Ironiquement, c’est sûrement pendant la période du confinement qu’il a été le mieux loti, car les autorités l’avaient logé dans un hôtel au chaud. Mais ce fut seulement pendant trois mois.
« ça fait trois ans ! »
Nous fixant de ses yeux rouges et fatigués, il nous révèle qu’il tente sans succès depuis trois ans d’obtenir de l’aide des associations (une à Monaco et une à Nice).
Un réseau de solidarité niçoise
Néanmoins il nous rassure, il n’a pas faim. La ville fournit des repas chauds et il ajoute même que l’OGC Nice vient leur rendre visite tous les vendredi à la Coulée Verte pour leur (lui et ses compatriotes) faire don de vêtements et de nourriture ; d’ailleurs, il porte une chaude veste aux couleurs de l’équipe niçoise. Il nous raconte aller fréquemment utiliser des douches mises à disposition par la ville. Quant au coucher, bien qu’il dorme dehors la majorité du temps, une paroisse voisine, avec le Secours Catholique, offre de temps en temps l’hospitalité et une aide substantielle pour contacter sa famille.
Sa nature sympathique lui a permis de développer des relations amicales dans le quartier, notamment avec une femme qui tient un magasin proche du vieux Nice. Elle l’aide quand elle peut. Et d’un regard soupçonneux, mais peut-être aussi amusé, il se dédouane de toute relation ambigüe avec elle, il est marié ! Pour la première fois depuis une demi-heure, Mustafa rit.
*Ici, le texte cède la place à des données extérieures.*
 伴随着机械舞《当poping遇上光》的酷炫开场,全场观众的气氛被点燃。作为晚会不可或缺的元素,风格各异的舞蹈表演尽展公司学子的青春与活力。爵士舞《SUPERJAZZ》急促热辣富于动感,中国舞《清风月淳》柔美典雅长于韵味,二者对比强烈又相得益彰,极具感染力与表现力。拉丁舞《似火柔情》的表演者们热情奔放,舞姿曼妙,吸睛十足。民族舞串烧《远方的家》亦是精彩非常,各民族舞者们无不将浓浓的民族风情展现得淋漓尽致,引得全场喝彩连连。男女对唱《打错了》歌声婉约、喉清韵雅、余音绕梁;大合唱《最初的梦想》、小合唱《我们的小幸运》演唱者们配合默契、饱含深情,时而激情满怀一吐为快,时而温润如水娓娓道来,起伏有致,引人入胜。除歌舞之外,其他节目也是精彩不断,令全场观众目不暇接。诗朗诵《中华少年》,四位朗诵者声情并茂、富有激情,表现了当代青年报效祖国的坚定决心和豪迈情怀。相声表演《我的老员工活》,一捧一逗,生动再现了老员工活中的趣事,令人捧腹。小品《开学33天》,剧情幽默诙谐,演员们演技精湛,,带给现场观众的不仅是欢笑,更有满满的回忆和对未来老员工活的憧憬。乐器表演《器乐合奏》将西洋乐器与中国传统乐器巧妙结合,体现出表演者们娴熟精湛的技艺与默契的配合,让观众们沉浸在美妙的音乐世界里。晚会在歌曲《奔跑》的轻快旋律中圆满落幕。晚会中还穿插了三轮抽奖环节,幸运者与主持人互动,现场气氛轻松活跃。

Également, ses compagnons d’infortune complètent cette « famille niçoise ».
Un retour redouté
Mustafa nous avoue n’avoir « pas de complexe pour retourner », il ne veut plus vivre en France dans de telles conditions, malgré la vie au Sénégal qui s’annonce difficile car là-bas, la pression sociale est très forte. Le gouvernement et la presse continuent de diffuser aux Sénégalais une vision de l’Europe idéalisée, où une fois arrivés, les migrants pourraient avoir tout ce qu’ils désirent. Trouver un travail ou devenir « riches ». De ce fait, le récit des migrants revenant dans leurs pays est très peu accepté par les familles. C’est inconcevable ! Certains migrants, face à la pression sociale, se suicident …
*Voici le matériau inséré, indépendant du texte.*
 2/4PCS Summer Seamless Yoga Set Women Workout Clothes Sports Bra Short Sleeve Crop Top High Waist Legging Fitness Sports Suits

Néanmoins nous avons pris contact avec une femme qui travaille dans une association providentielle à Nice, qui aujourd’hui, aide les sans-papiers en créant des réseaux avec différentes associations. Elle confirme que le gouvernement a mis en place des programmes qui les aident à rentrer chez eux, tout en les accompagnant dans la réinsertion dans leurs pays d’origine.
Aujourd’hui nous espérons pouvoir soutenir Mustafa en le dirigeant vers ce type d’aide. Peut-être notre rencontre pourra-t-elle changer sa situation qui est actuellement bloquée.